*** Begin section ***
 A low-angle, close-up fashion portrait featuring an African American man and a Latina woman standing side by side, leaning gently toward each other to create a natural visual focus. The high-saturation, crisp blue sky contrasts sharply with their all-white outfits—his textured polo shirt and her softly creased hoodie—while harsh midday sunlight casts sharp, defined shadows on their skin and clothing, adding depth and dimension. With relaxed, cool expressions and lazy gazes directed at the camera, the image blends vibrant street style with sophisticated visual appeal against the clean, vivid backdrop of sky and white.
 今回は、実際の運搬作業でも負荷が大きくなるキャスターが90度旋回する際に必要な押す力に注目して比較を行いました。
*** End section ***
*** Begin section ***
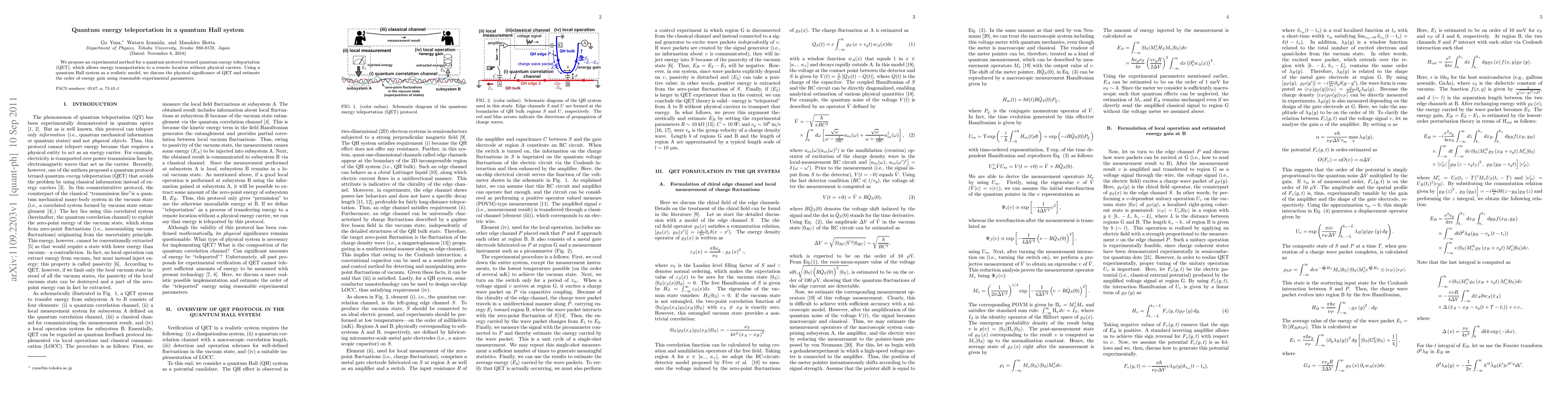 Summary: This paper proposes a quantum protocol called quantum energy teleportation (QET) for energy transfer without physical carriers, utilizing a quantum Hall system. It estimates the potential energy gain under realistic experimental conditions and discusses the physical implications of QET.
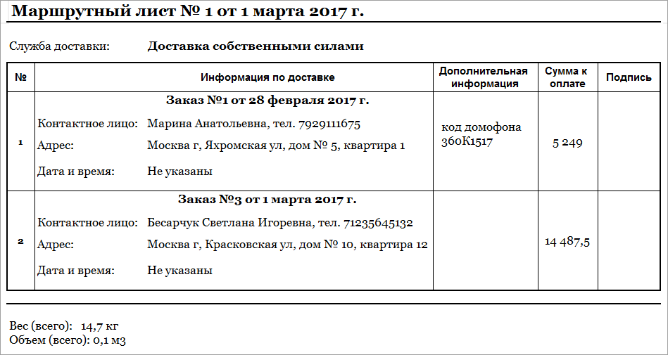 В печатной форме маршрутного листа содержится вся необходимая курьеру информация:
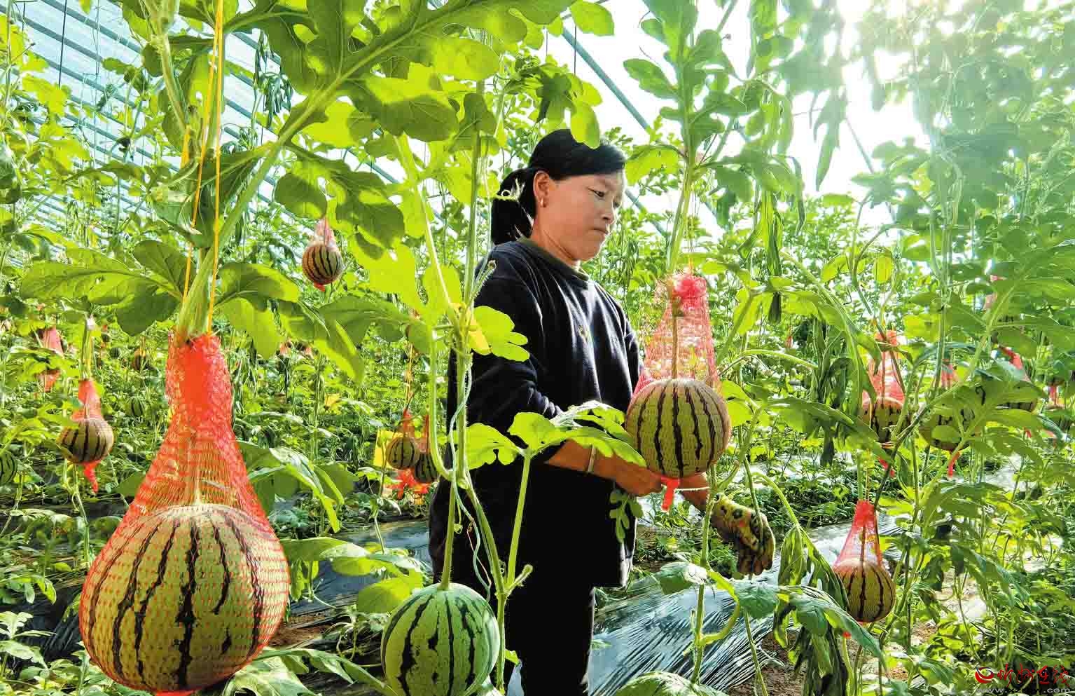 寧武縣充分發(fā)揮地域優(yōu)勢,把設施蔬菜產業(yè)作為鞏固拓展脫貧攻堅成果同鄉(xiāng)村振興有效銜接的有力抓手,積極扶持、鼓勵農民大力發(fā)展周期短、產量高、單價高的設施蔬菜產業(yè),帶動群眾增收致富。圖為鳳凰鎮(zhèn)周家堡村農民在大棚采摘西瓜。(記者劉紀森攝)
*** End section ***
_YOUR ASSIGNMENT_
What you give back should be only the lines of the records above, starting at the line with "A low-angle, close-up" and ending at the line with "今回は、実際の運搬作業でも負", restated word for word.

_RESPONSE BOX_
 A low-angle, close-up fashion portrait featuring an African American man and a Latina woman standing side by side, leaning gently toward each other to create a natural visual focus. The high-saturation, crisp blue sky contrasts sharply with their all-white outfits—his textured polo shirt and her softly creased hoodie—while harsh midday sunlight casts sharp, defined shadows on their skin and clothing, adding depth and dimension. With relaxed, cool expressions and lazy gazes directed at the camera, the image blends vibrant street style with sophisticated visual appeal against the clean, vivid backdrop of sky and white.
 今回は、実際の運搬作業でも負荷が大きくなるキャスターが90度旋回する際に必要な押す力に注目して比較を行いました。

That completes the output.